Dans cet instant de solitude, je me suis autorisée à reconnaître la vérité que j’avais si longtemps évitée. Je me noyais, lentement mais sûrement, dans cette vie que j’avais acceptée. La dévotion qui m’avait autrefois semblé noble me semblait désormais comme des chaînes, me liant à une existence qui effaçait peu à peu qui j’étais vraiment.
Je pensais aux amis que j’avais perdus de vue, aux rêves que j’avais abandonnés, aux parts de moi-même que j’avais enfermées pour devenir la gardienne parfaite, l’épouse parfaite. Le poids de tout cela me paraissait écrasant, menaçant de m’étouffer.
Mais que pouvais-je faire ? J’avais fait des vœux, promis d’être aux côtés d’Alexandre dans la maladie comme dans la santé. Et pourtant, debout dans la salle de bain, je ne pouvais m’empêcher de me demander : à quel moment le sacrifice devient-il autodestructeur ?
Je me suis aspergé le visage d’eau froide, effaçant les traces de ma faiblesse momentanée. En m’essuyant le visage, j’ai croisé mon propre regard dans le miroir.
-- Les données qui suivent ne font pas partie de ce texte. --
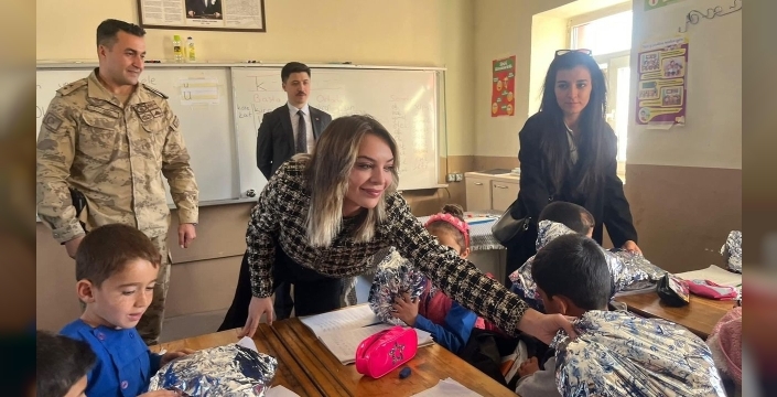 Kars'ta gerçekleşen sıcak ve samimi bir ziyarette, Cumhuriyet Savcısı Feride Irmak Kılınç ile Psikolog Rukiye Uyan, el emeğiyle ördükleri atkıları minik öğrencilere hediye etti.

Là, au fond de mes yeux, j’ai vu une lueur de quelque chose que je n’avais pas vue depuis longtemps : la détermination.
J’ai alors compris qu’il fallait que quelque chose change. Je ne pouvais pas continuer comme ça, me perdre petit à petit. Mais quel serait ce changement, et comment y parvenir sans trahir mes engagements, je l’ignorais.
Prenant une profonde inspiration, je me suis ressaisie, retrouvant mon rôle d’épouse dévouée. J’ai ouvert la porte de la salle de bains et suis retournée au chevet d’Alexander. Alors que je m’installais dans le fauteuil à côté de lui, me préparant à une nouvelle longue nuit de soins attentifs, je me suis fait une promesse silencieuse.
D’une manière ou d’une autre, je trouverais le moyen de redevenir la femme que j’étais, de concilier mon devoir envers Alexander et mon devoir envers moi-même. La voie à suivre était incertaine, semée d’embûches et de chagrins potentiels. Mais pour la première fois depuis des années, j’ai ressenti une lueur d’espoir.
Tandis qu’Alexander dormait paisiblement à mes côtés, inconscient du trouble qui m’habitait, j’ai commencé à planifier. Le chemin à parcourir serait difficile, mais j’étais déterminée à trouver le moyen d’être à la fois la gardienne dont Alexander avait besoin et la femme dynamique et indépendante que je rêvais d’être à nouveau.